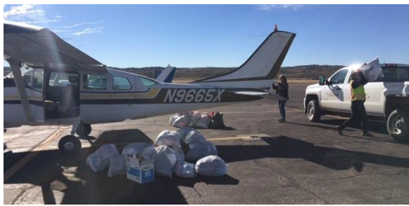
Unloading on the ramp at Gallup, NM
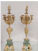
303: Pair of French Louis XV Candleabras

Spelter. Figure of woman with bird. Decorated Porcelain dial. Time & Strike. Japy Freres movement. Ca. 1880 23" t. X 12" w
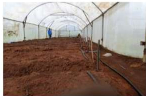
Figure 2: Assembling of system components in the greenhouse

using valved tee connectors. The laterals are connected to the sub-mains by means of elbows and tees. The mainline tee joints and the header tape valved tee connectors were made water tight using adhesive material. However, the lateral tee and elbow joints were made force-fit to facilitate disassembling from the tees and elbows whenever the need arises. The whole system was assembled and set up in the field for testing and technical evaluation of its technical performance characteristics.
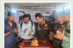
Mangalmurti Honda at Kolhapur (Maharashtra)
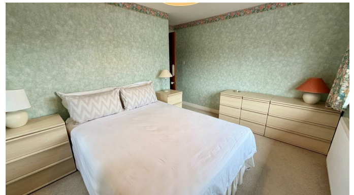
Radiator, dual aspect upvc double glazed windows to rear and side, distant hillside views.
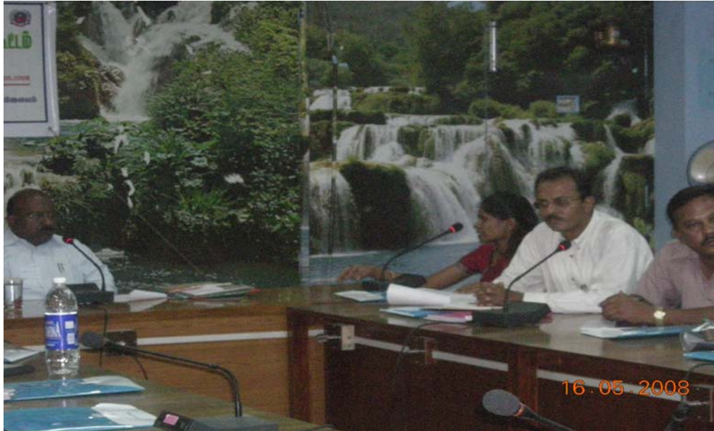
TNAU Scientist explaining about the District Agriculture Plan
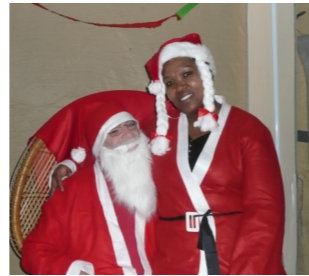
Santa Clause and Mrs Clause at the Intercultural Christmas Party
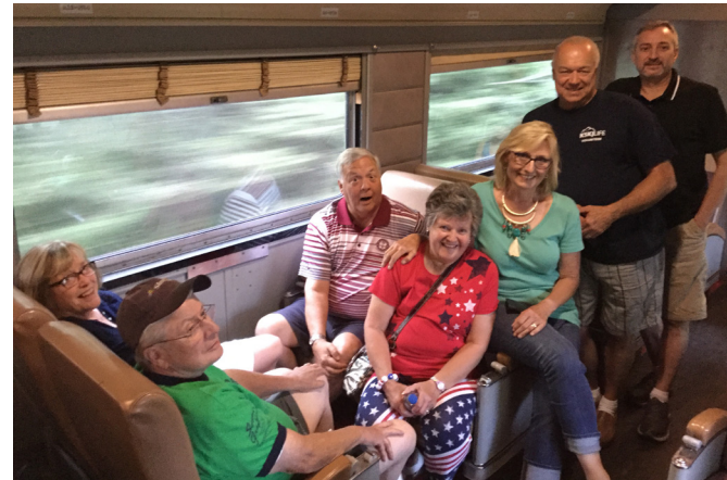
Adult Members bonding on the Pizza Train.
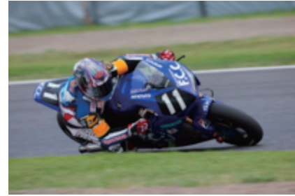
Fig. 6 Suzuka 8 Hours Endurance Road Race: Honda CBR1000RR (7)

The smallest displacement class in the Road Racing World Championship Grand Prix is Moto3, which has adopted 4-stroke 250 cc engines in 2012 instead of 2-stroke 125 cc engines. This class features both dedicated manufacturer-produced bikes and bikes using manufacturer-supplied engines. Various innovations have been implemented to reduce costs. The sales price of an engine has been limited to 12,000 euros and manufacturers are obligated to supply engines to up to 15 riders. Engine speeds are limited to 14,000 rpm and the development of electronic controls has been restricted by the use of a common engine control unit. Close to 35 bikes entered the series from 2012, which was the first year of the new regulations. It is hoped that this class will develop even further in the future,

***

Reproduce the listing above exactly from the line containing "Radiator, dual aspect" up to and including the line containing "Santa Clause and", omitting any images and everything outside those lines.

Radiator, dual aspect upvc double glazed windows to rear and side, distant hillside views.
TNAU Scientist explaining about the District Agriculture Plan
Santa Clause and Mrs Clause at the Intercultural Christmas Party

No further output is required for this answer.